Making carbon replicas is a thing I never heard.
Find a good book on SEM and read up.
Actually, this thread reminds me of when I worked in a private analytical chemistry lab 20 years ago.
Every time the phone rang at 12:15, it was some crackpot that was calling to have us figure out how to make some everyday item, which the crackpot could buy for usually less than $20, but the price had gone up $1 or so recently, and they wanted to make it themselves.
Depending on the kind of item they wanted, I would explain that it would take several expensive tests to get just an idea of what the product they wanted to formulate was made from, and that would end up costing from $500 to $1000. And that was just to get us close to the answer. No guarantee that we would have a complete formulation at that point and that it could cost much more than that to get the more complete answer.
Invariably, they would be shocked that it could even cost that much. They always thought we just poured the sample into some machine, pushed a button, and then we had the answer.
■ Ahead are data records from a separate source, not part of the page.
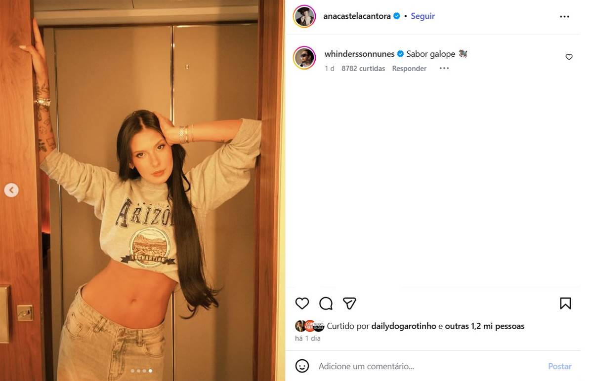 No dia 3 de fevereiro, Ana postou sua mais recente sequência de imagens no Instagram, levando seguidores a comentarem sobre tudo, desde sua beleza até sua energia vibrante. Mas foi Whindersson quem quebrou todas as expectativas ao deixar um comentário inesperado e audacioso, escrevendo: "Sabor galope".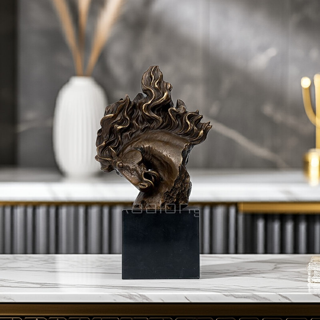Finished by hand through the finest carving and using the lost wax casting method, each strand of mane has been finely carved to highly recreate the sculpture of the horse's head.Sculptures art show texture, simplicity and generous overall light luxury and elegance.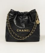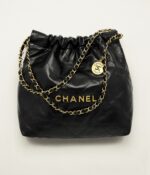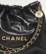 ThisSmall 22hobo bag isin Black Crumpled Calfskin with gold tone hardware and has the signature diamond quilting, CHANEL on the front in gold metal, removable pouch, and long gold tone and black leather chain.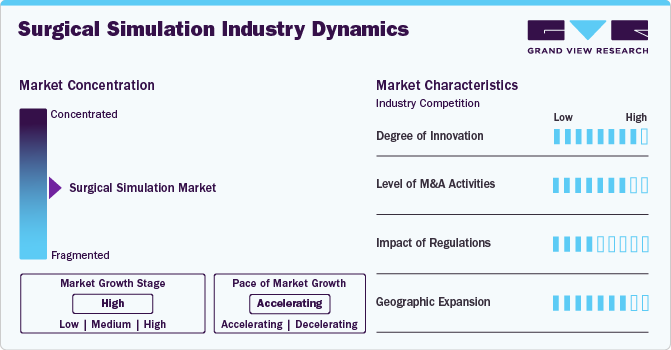 The degree of innovation in the surgical simulation industry is high. This is attributed to the advancements in VR, artificial intelligence, and haptic feedback. This technology offers realistic, risk-free training environments for medical professionals, enhancing skills and precision. For instance, in November 2023, Ethicon, a Johnson & Johnson MedTech company, introduced an AI-driven Surgical Simulation Platform designed to enhance skill development for current and future surgeons at the American Association of Gynecological Laparoscopists Global Congress. This technology utilizes artificial intelligence and augmented reality for training, offering real-time data and actionable feedback.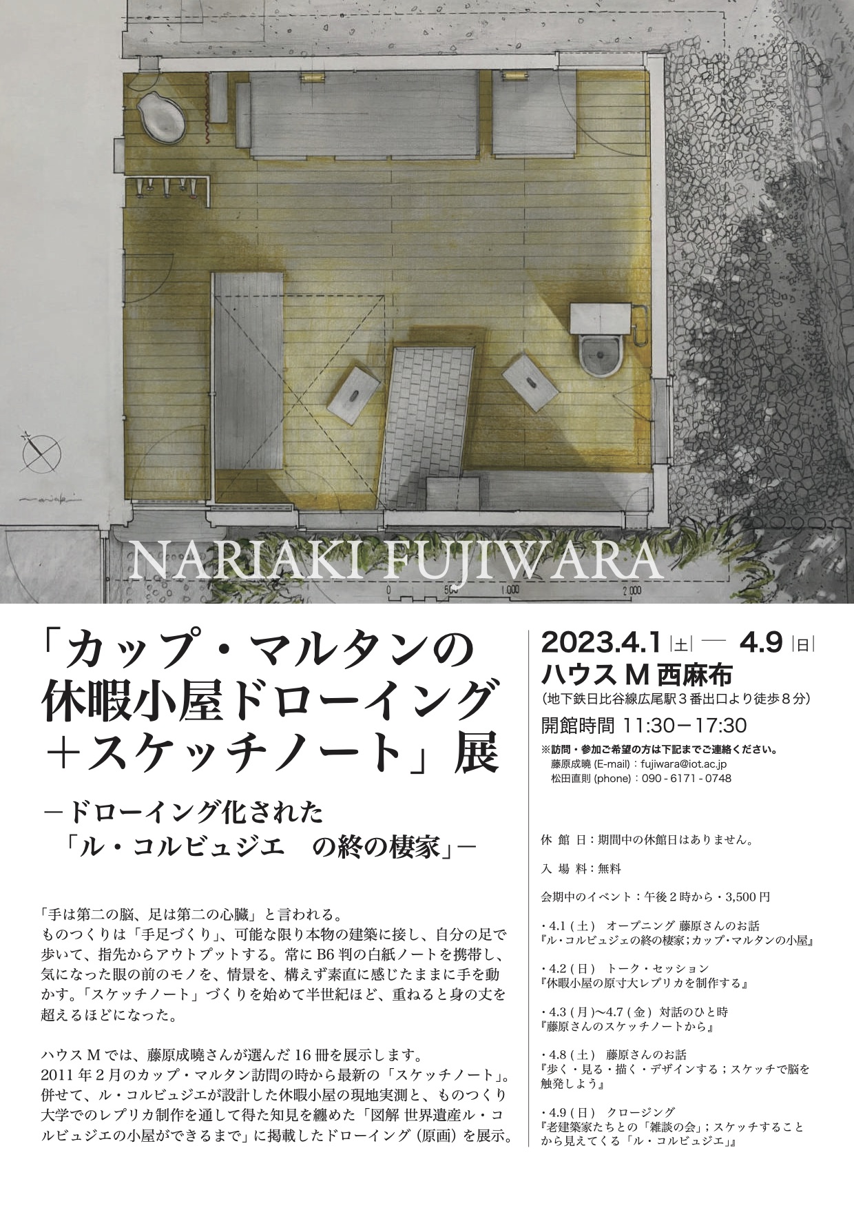 2023年4月、『図解 世界遺産 ル・コルビュジエの小屋ができるまで/カップ・マルタンの休暇小屋、現地実測図面集 』(発行: 株式会社エクスナレッジ)を上梓いたしました。 本書は世界遺産にも指定されているカップ・マルタンの休暇小屋を、ものつくり大学の学生とともに敢行した、フランスで の実測調査から学内での建設過程と更に完成後の空間体験で得た知見をまとめたものです。その中に掲載したドローイング の原画と現地実測時のフィールドノートを展示しました。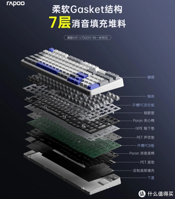 雷柏V700DIY-98机械键盘的设计基于创新的柔韧Gasket结构,7层消音填充堆料,双层PO棉PCB单键1.3mm开槽,这一结构极大地提升了键盘的手感与声音表现。Gasket结构意味着键盘的按键在按下去时不会产生过多的“回响”或“金属音”,而是提供了更加舒适、稳定的击键反馈。在键盘的内部,采用了7层消音填充堆料,包括双层PO棉的设计,进一步降低了打字和游戏时的噪音,确保了安静的操作体验。这对于长时间打字或进行激烈游戏的使用者来说,尤为重要。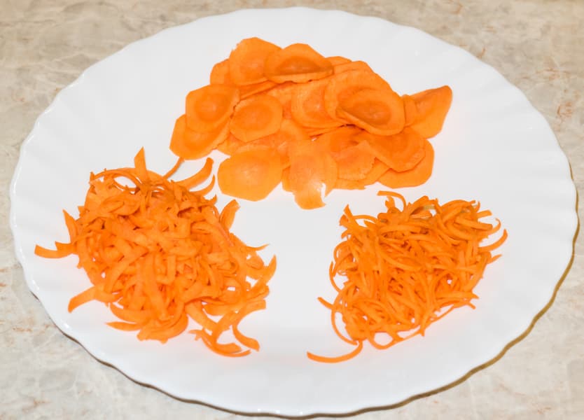 Затем установили барабан для крупной шинковки. Вновь не возникло никаких проблем — быстро, тихо и чисто морковь была натерта. Кусочки такого размера обычно используют для приготовления блюд с тепловой обработкой — тушения или поджаривания с другими овощами, варки супа и т. д.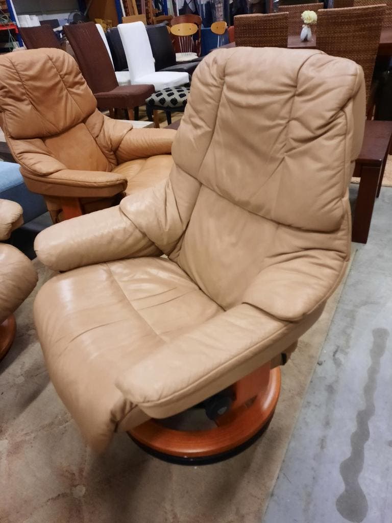 Relax draaistoel met beige leren bekleding van ekornes stressless.

I explained to them that they probably had been watching too much Star Trek - Next Generation and that there were actually no machines that could do analyses like that.
So I'd ask them if they wanted to come one in and proceed with the testing and they would always say they would look around and call back. I would then offer the name of one of our competitors and suggest they try checking with them, thinking that the other lab would foolishly take the job and loose money on it because they would underbid the job.
I actually had 3 people that took the offer up, and they were all businesses that needed to replace a product that was no longer being offered by their suppliers. One was a fire-retardant coating that was a mixture of superphosphate fertilizer and latex paint, another was a RV septic tank digesting solution, and the third was a water ski binder lube to get your feet into the bindings more easily. I did the work (which was much, much simpler than trying to figure out who made a photographic emulsion or how it was made) and all 3 times, brought the job in the range we had projected, and they were all happy that we could point them the direction to making a replacement product.
Anyway, I just thought you all might enjoy my anecdotal story.